DATA SHOWN:
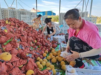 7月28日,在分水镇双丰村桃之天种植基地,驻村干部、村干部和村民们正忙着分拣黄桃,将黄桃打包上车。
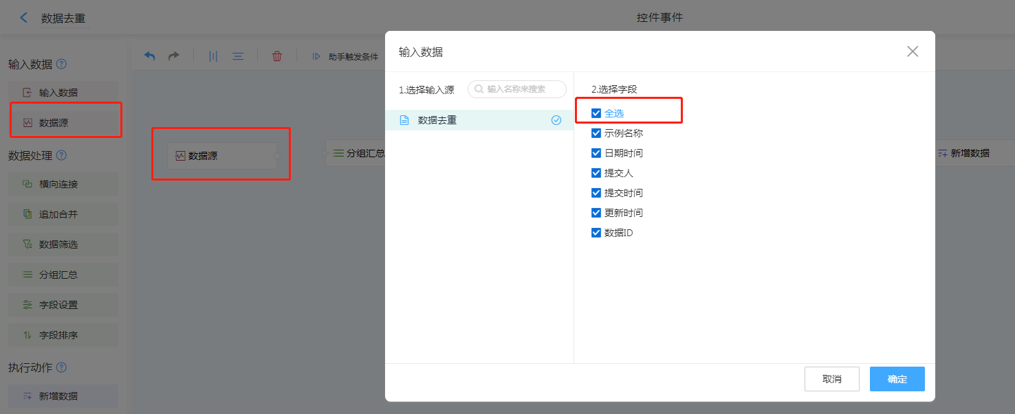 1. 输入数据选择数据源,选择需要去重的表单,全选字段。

==

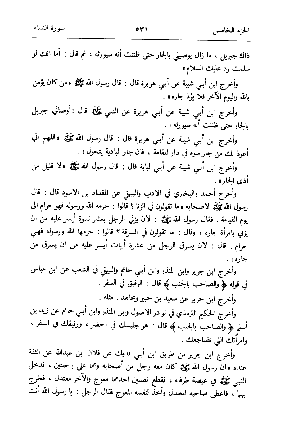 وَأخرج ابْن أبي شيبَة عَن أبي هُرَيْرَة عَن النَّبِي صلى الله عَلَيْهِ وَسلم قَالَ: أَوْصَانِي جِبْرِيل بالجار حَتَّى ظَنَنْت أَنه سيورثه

--

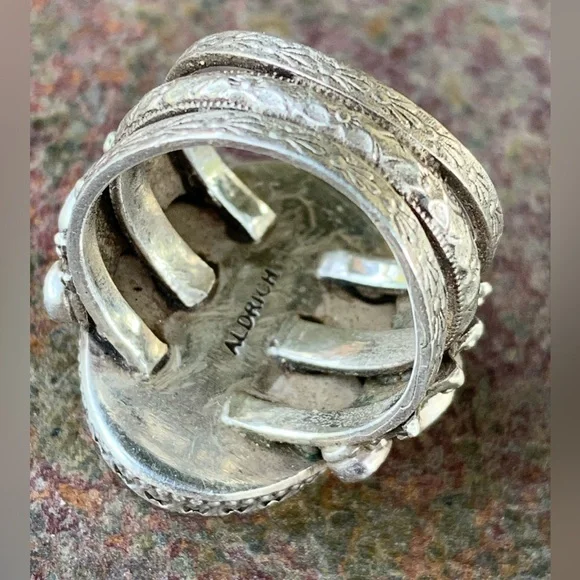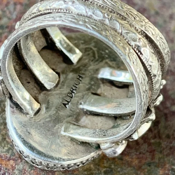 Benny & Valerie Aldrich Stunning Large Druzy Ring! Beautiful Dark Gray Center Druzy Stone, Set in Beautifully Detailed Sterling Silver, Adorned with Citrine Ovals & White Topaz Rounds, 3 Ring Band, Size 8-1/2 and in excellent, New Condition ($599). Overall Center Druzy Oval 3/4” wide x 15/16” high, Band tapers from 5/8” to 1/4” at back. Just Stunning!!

WORK INSTRUCTION: The copy should hold only the lines from the one with "7月28日,在分水镇双丰村桃" through the one with "1. 输入数据选择数据源,选择需要去重的表单,全选字段。", exactly as they stand above. Leave out the pictures.

SOLUTION BELOW:
 7月28日,在分水镇双丰村桃之天种植基地,驻村干部、村干部和村民们正忙着分拣黄桃,将黄桃打包上车。
 1. 输入数据选择数据源,选择需要去重的表单,全选字段。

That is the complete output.